**RECORDS SUPPLIED:**
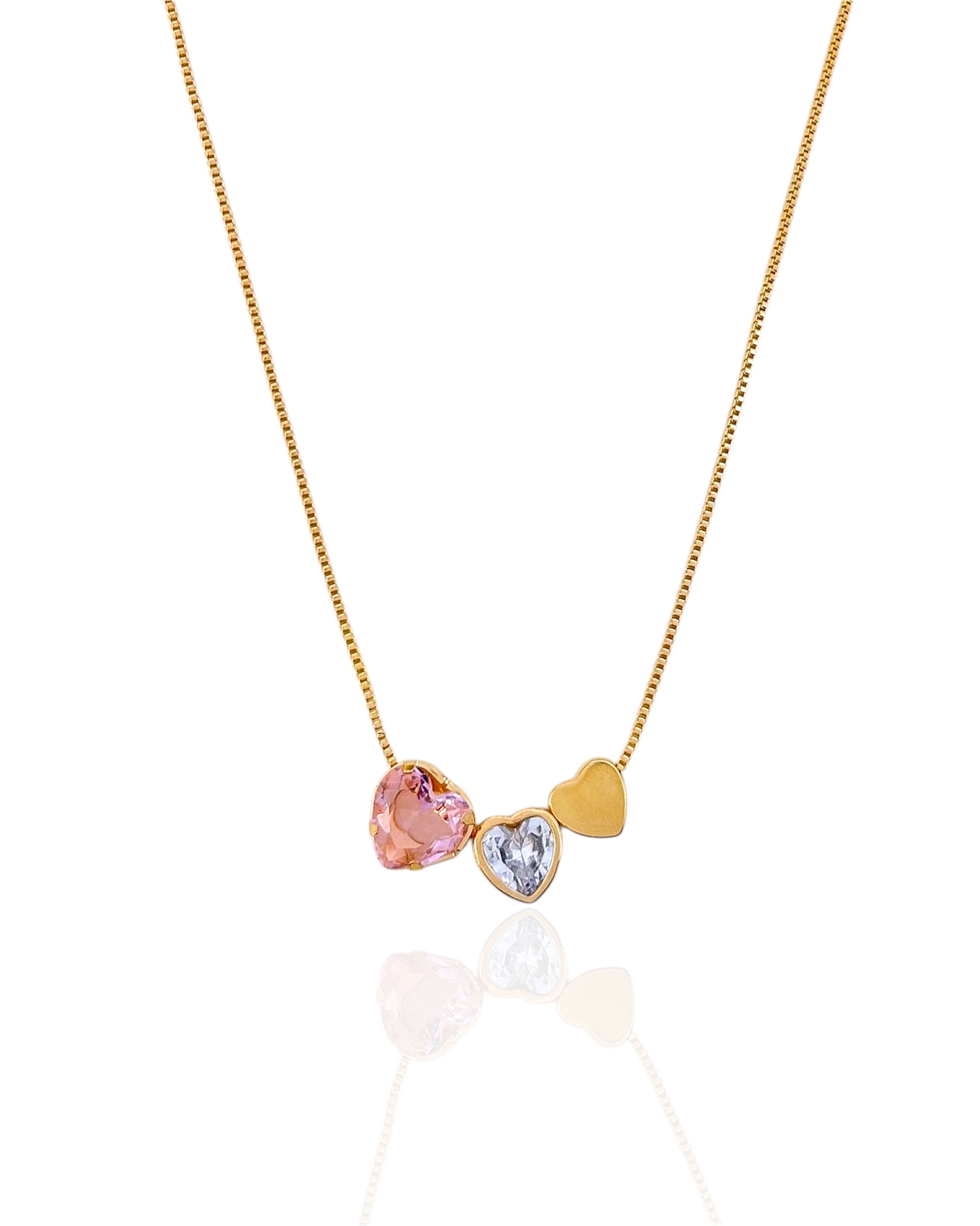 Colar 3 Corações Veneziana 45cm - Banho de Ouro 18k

...

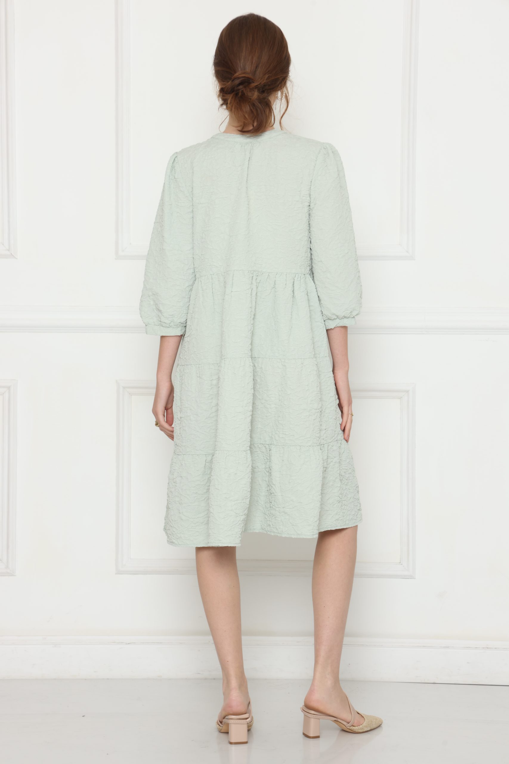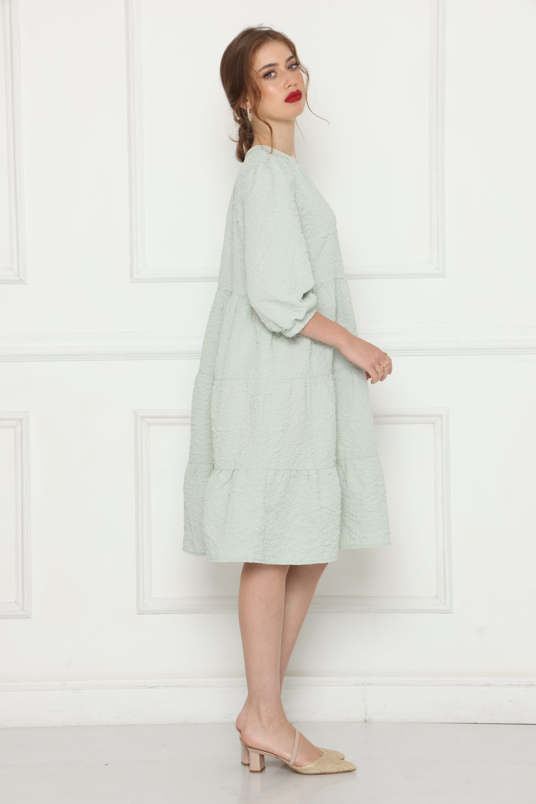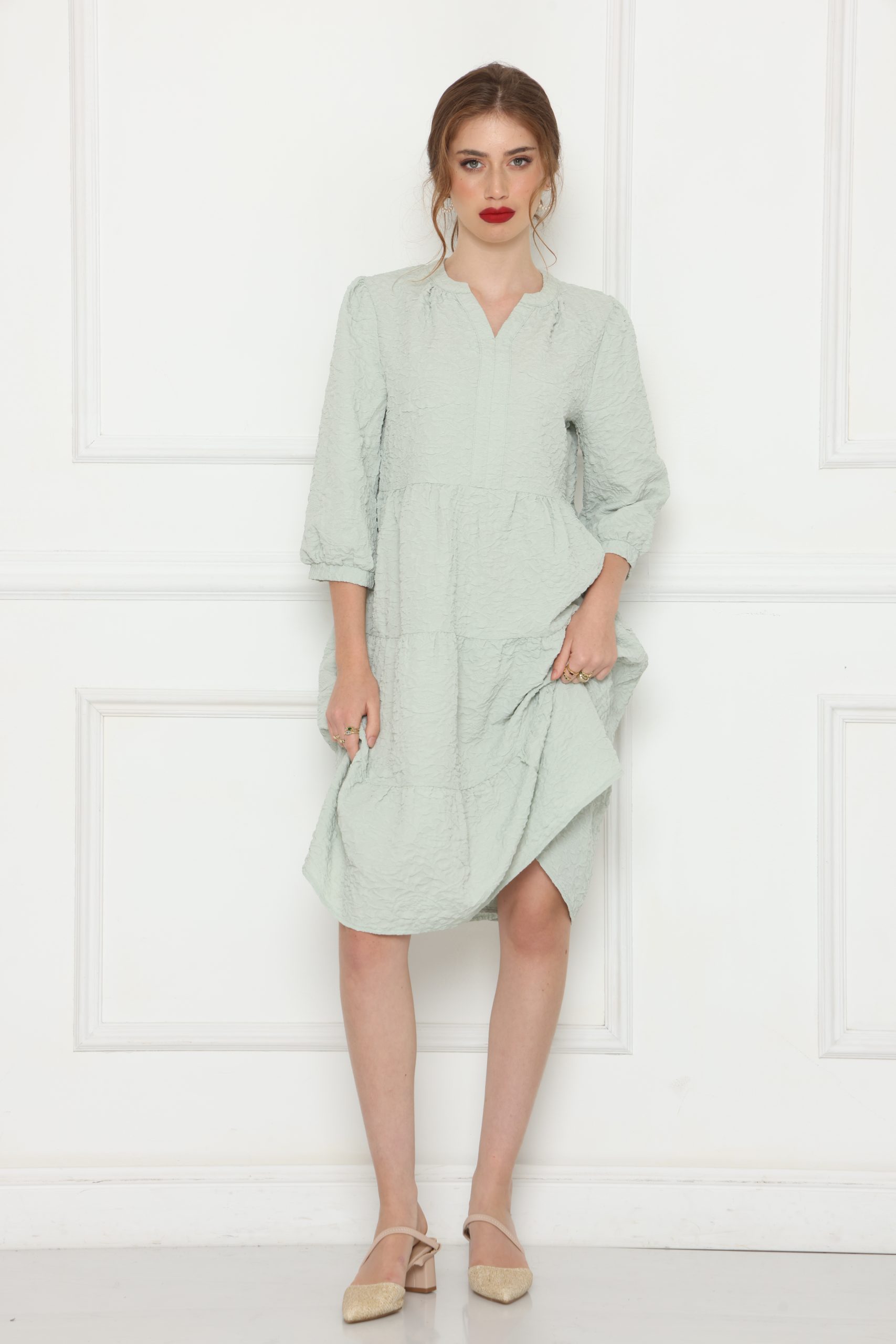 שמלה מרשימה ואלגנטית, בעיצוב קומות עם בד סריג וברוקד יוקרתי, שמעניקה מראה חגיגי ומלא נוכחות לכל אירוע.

==

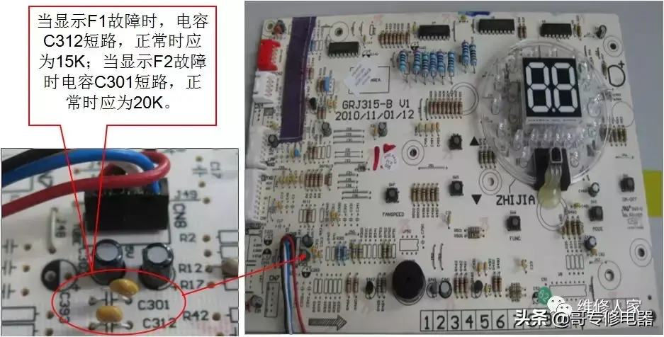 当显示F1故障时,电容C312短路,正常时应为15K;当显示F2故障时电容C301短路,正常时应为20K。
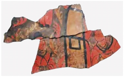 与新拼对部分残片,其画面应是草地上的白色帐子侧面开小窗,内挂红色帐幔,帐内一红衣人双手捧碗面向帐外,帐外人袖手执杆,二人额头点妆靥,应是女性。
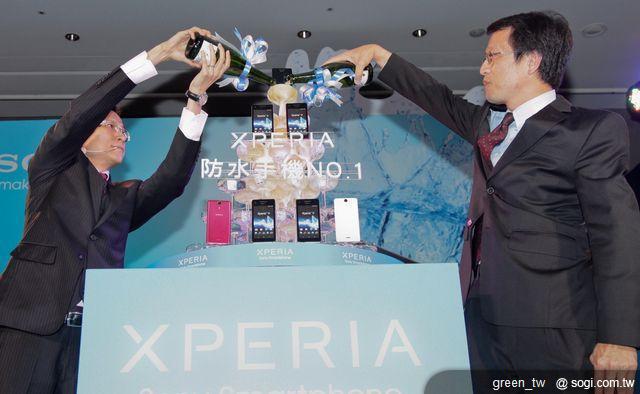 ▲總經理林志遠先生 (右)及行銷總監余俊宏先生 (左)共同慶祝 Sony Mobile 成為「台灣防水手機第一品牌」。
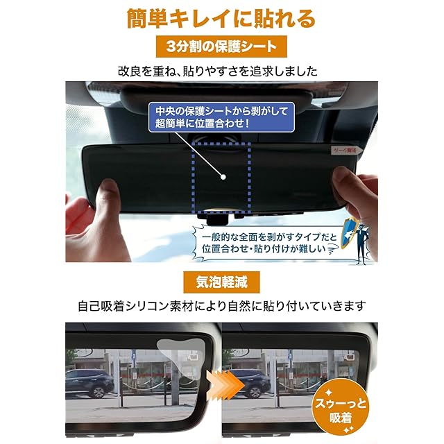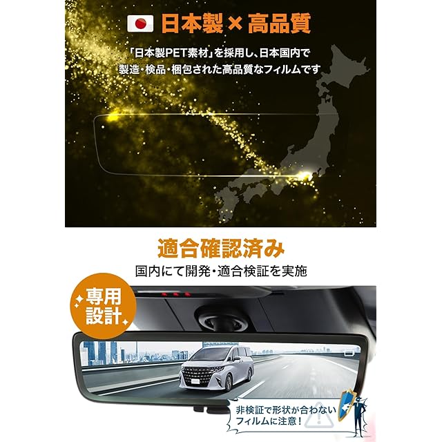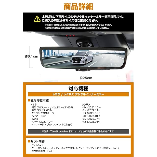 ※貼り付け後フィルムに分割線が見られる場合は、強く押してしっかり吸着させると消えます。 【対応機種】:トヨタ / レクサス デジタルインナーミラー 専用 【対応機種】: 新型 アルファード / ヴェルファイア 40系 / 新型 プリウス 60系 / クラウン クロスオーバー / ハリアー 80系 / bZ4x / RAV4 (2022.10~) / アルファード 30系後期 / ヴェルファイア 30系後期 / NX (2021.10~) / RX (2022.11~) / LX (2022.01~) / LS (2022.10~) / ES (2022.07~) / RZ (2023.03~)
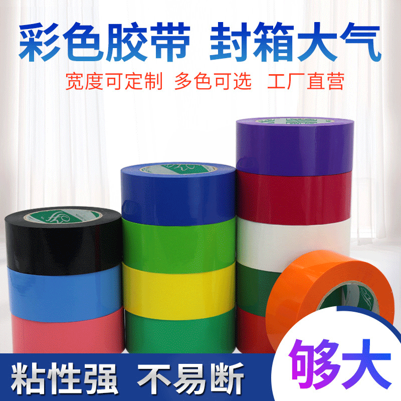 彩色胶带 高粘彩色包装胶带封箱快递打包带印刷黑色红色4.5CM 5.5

**ACTIVITY:**
Respond with the exact lines above running from the one containing "Sony Mobile 成為「台灣防水手機第一品牌」。" to the one containing "彩色胶带 高粘彩色包装胶带封箱快递打包带印刷黑色红色4.5CM 5.5", both ends kept and no pictures included.

**WRITTEN SOLUTION:**
 ▲總經理林志遠先生 (右)及行銷總監余俊宏先生 (左)共同慶祝 Sony Mobile 成為「台灣防水手機第一品牌」。
 ※貼り付け後フィルムに分割線が見られる場合は、強く押してしっかり吸着させると消えます。 【対応機種】:トヨタ / レクサス デジタルインナーミラー 専用 【対応機種】: 新型 アルファード / ヴェルファイア 40系 / 新型 プリウス 60系 / クラウン クロスオーバー / ハリアー 80系 / bZ4x / RAV4 (2022.10~) / アルファード 30系後期 / ヴェルファイア 30系後期 / NX (2021.10~) / RX (2022.11~) / LX (2022.01~) / LS (2022.10~) / ES (2022.07~) / RZ (2023.03~)
 彩色胶带 高粘彩色包装胶带封箱快递打包带印刷黑色红色4.5CM 5.5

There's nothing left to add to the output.